The present invention is a kind of semantic disambiguation method for biomedical text polysemant.Include mainly:The vectorization for being carried out word to biomedical text using Word2Vec is indicated, the vectorization for being built context sentence to term vector language model based on two-way LSTM models is indicated, recycle the relationship of sentence vector space similarity, the label of existing mark medical data is passed to most like no labeled data by combination tag TRANSFER METHOD according to probability, and all labeled data is finally combined to carry out semantic disambiguation to biomedical text.Since biomedical data is with strongly professional, the features such as term is more manually carry out processing to medical data and take time and effort and error-prone, can then greatly reduce handmarking's cost using the present invention, simultaneously compared to traditional machine learning method, the accuracy of semantic disambiguation can be effectively improved.

Description

A kind of semi-supervised biomedical text semantic disambiguation method
Technical field
The invention belongs to natural language processing semantemes to disambiguate field, be that one kind is disappeared based on semi-supervised biomedical text semantic The method and system of discrimination.It specifically refers to based on label TRANSFER METHOD using two-way shot and long term memory models Bi-LSTM to medicine text Middle polysemant carries out semantic disambiguation.
Background technology
In recent years with the explosive increase of digital information, medical staff is increasingly easy to get medical electronics data. Biomedical sector, text data contains the knowledge and information of a large amount of professional domains, how from digitized text message It extracts useful information and becomes more and more important.Compared to generic text data, the difficult point of medicine text data be it is strongly professional, Data mark difficulty etc..Therefore understands that biomedical text semantic information and automation mark medical data become research heat Point.
Traditional biomedical text semantic disambiguation method includes supervised learning method, unsupervised learning method and is based on The learning method of knowledge base.Supervised learning method learns a potential grader using flag data, then utilizes the grader It is predicted for unknown data potential applications.This method usually requires a large amount of flag data to ensure the high precision of grader Rate, artificial annotation process take time and effort, therefore data volume is little in biomedical certain fields in the case that is not most Good selection.Unsupervised learning method does not need flag data, and data are sorted out only in accordance with potential similitude.Unsupervised learning Method enormously simplifies the engineering of artificial labeled data, however the accuracy of this method appoints so needs are further to improve, not It is suitble to the low fields of serious forgiveness such as medical domain.What the method in knowledge based library utilized is the medical knowledge library for having built and having increased income Training sample is done, this method advantage is data reliability height, the disadvantage is that construction of knowledge base expansibility is poor and difficult in maintenance.

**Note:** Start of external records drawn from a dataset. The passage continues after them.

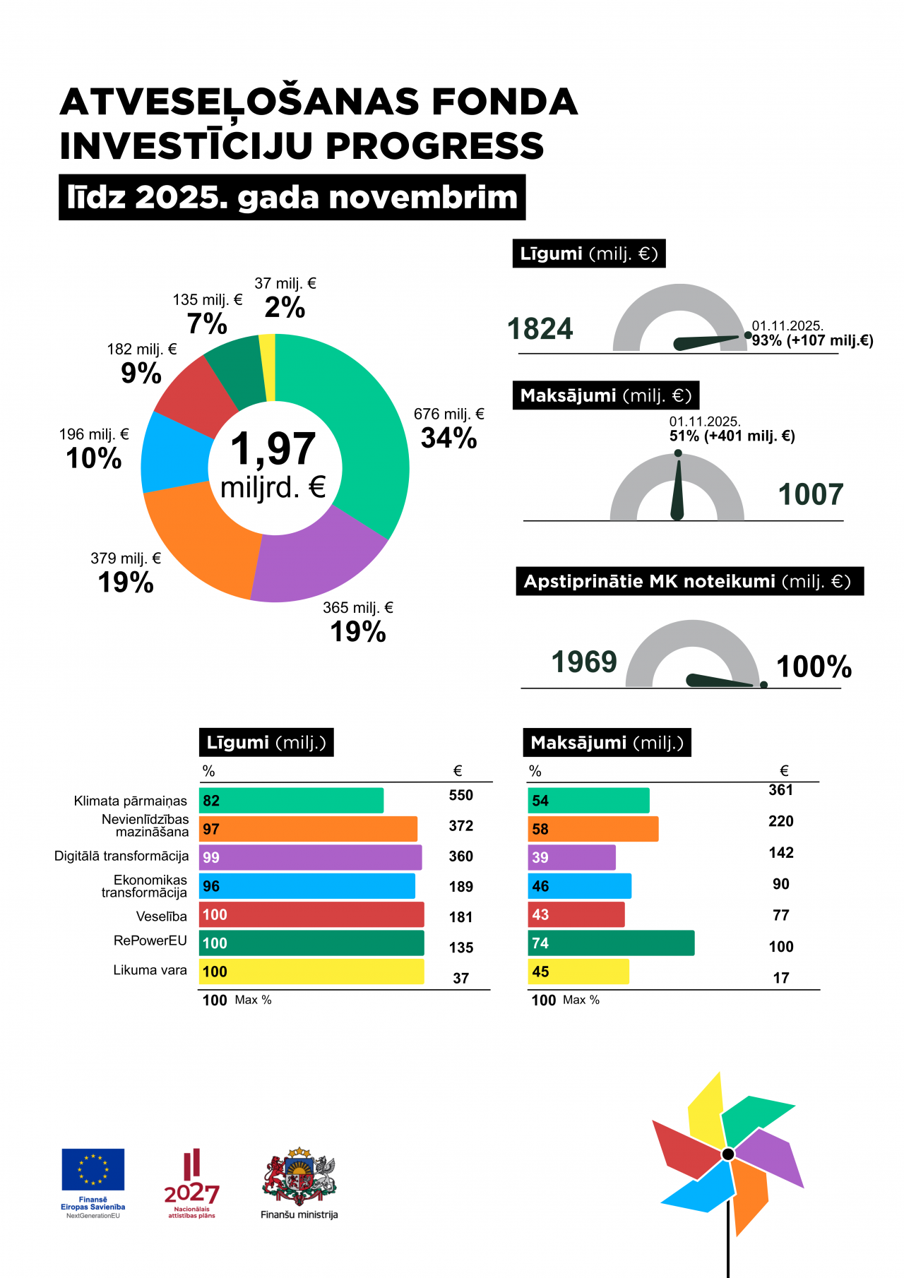 2025. gada Atveseļošanas fonda aktualitātes (uz 2025.gada 1. novembri)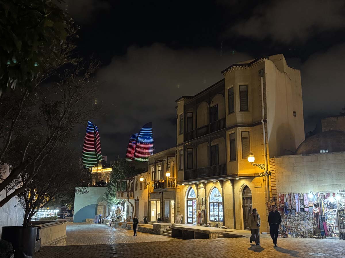 Maan pääkaupunki Baku sijaitsee Kaspianmeren rannalla. Keskustan rinteillä kohoavat futuristiset Flame Towers -pilvenpiirtäjät ja vanhankaupungin kapeat kujat muistuttavat historiasta.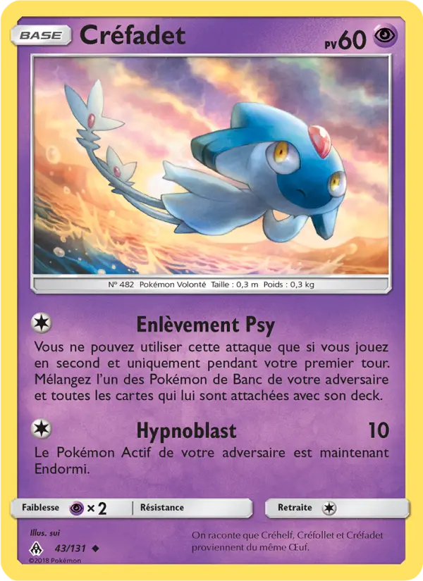 Vous ne pouvez utiliser cette attaque que si vous jouez en second et uniquement pendant votre premier tour. Mélangez l’un des Pokémon de Banc de votre adversaire et toutes les cartes qui lui sont attachées avec son deck.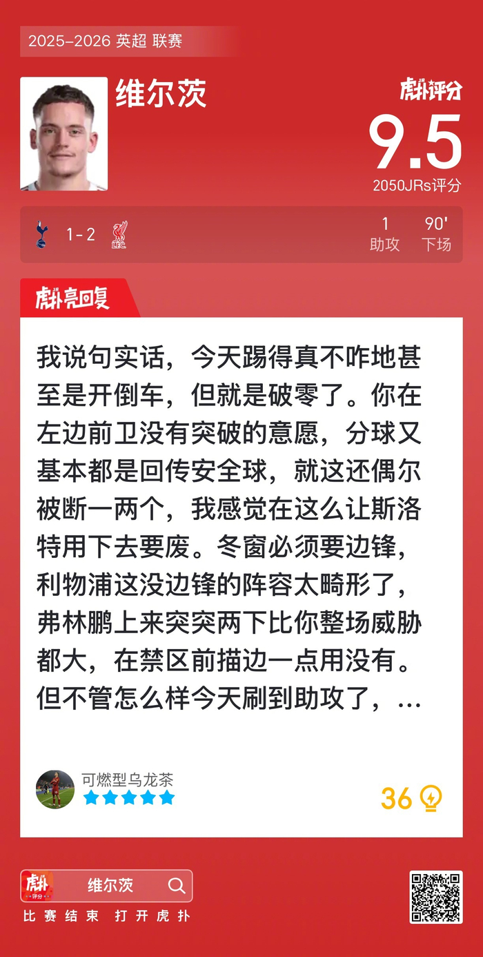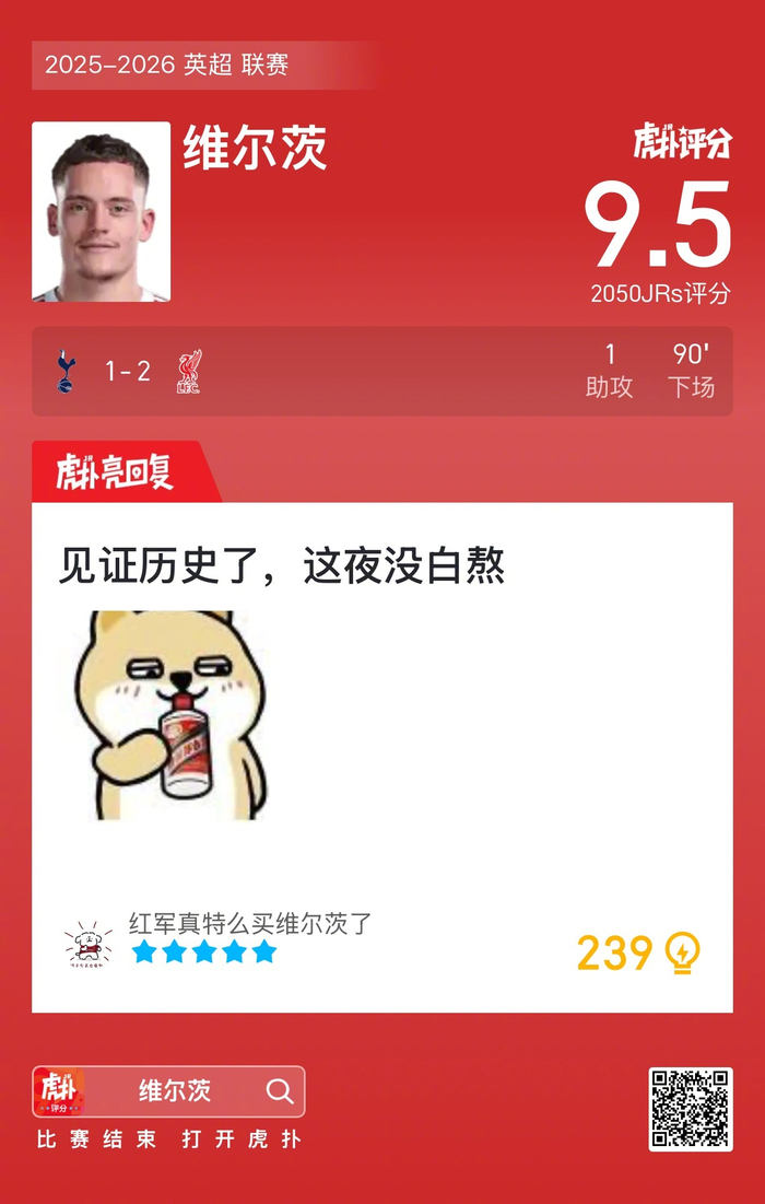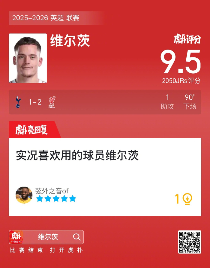#热刺1比2利物浦#维尔茨贡献一次助攻,赛后收获9.5的虎扑评分!

Biomedical text semantic, which disambiguates, often utilizes term vector model by each word vectors in text, phrase semantic Information is stored in lower dimensional space in vector form, and similar semantic word is indicated with similar word vector.Common term vector conversion Technology has Word2Vec models comprising Skip-gram models and CBOW models.Wherein Skip-gram models utilize target word Predict that the term vector of adjacent windows word, CBOW models predict the term vector of target word using adjacent windows word.It is similar, sentence vector What is utilized is to merge the term vector feature of each word in sentence to indicate the semantic information of the sentence.Common traditional fusion side Method has cascade, is averaging, the methods of weighted sum, wherein Cascading Methods are the term vectors by each word in sentence according to front and back suitable Sequence direct splicing;Averaging method is that all word term vectors in sentence are obtained sentence vector by averaging method;Add It is that different weights are assigned to the importance of semantic information according to each word to weigh summation method, is then summed according to weights addition To sentence vector.Sentence vector is usually used in initializing language model as feature, and it is follow-up natural language processing task provider to make it Just.
Recurrent neural network(RNN)It is a kind of neural network model of common processing text message, its main feature is that can connect It connects in the information to the task at current time of previous time, there is certain Memorability.However when the processing long sentence period of the day from 11 p.m. to 1 a.m, theoretically RNN can handle long-term Dependence Problem.But in practice, Bengio.et al (1994) et al. have carried out the problem deep Research, find RNN can not successfully learn to these knowledge, when word spacing distance farther out when, RNN may cause gradient explode or Person's gradient disappears, and causes backpropagation to fail, can not be effectively retained text information.In order to overcome the disadvantage, it is proposed that RNN's Improved model --- shot and long term memory models(LSTM).The model increases three " door " structures newly on the basis of RNN internal structures, " forget door " determine to retain last moment information number, " input gate " determine to retain current time information number, " output Door " determine current time output information number.LSTM is believed by this special door selectivity using last moment Breath and current time information, the problem of dependence when effectively avoiding RNN long.
Semi-supervised learning was used successfully in semantic disambiguation task in recent years, and wherein bootstrapping algorithms can reach To preferable accuracy.Low recall rate grader can learn from the example that sub-fraction marks, and then be expanded with these sentences The set for opening up label utilizes the label that the grader is the high confidence level of unmarked corpus labeling.In recent years, it is proposed that one kind is used for The label propagation algorithm of word sense disambiguation.And with bootstrapping and support vector machines(SVM)Supervised classifier is compared Compared with.Label propagation can reach better performance because it by optimize global object come distribute label come, and The traditional algorithms such as bootstrapping are then that Case-based Reasoning local similarity propagates label.
Invention content
The present invention provides a kind of sides disambiguated based on semi-supervised learning and the biomedical text semantic of deep learning Method and system.It is of overall importance not strong to solve traditional disambiguation method to a certain extent, it is artificial to mark the problems such as difficult and with high costs, Improve the accuracy to biomedical text and the disambiguation of generic text semanteme.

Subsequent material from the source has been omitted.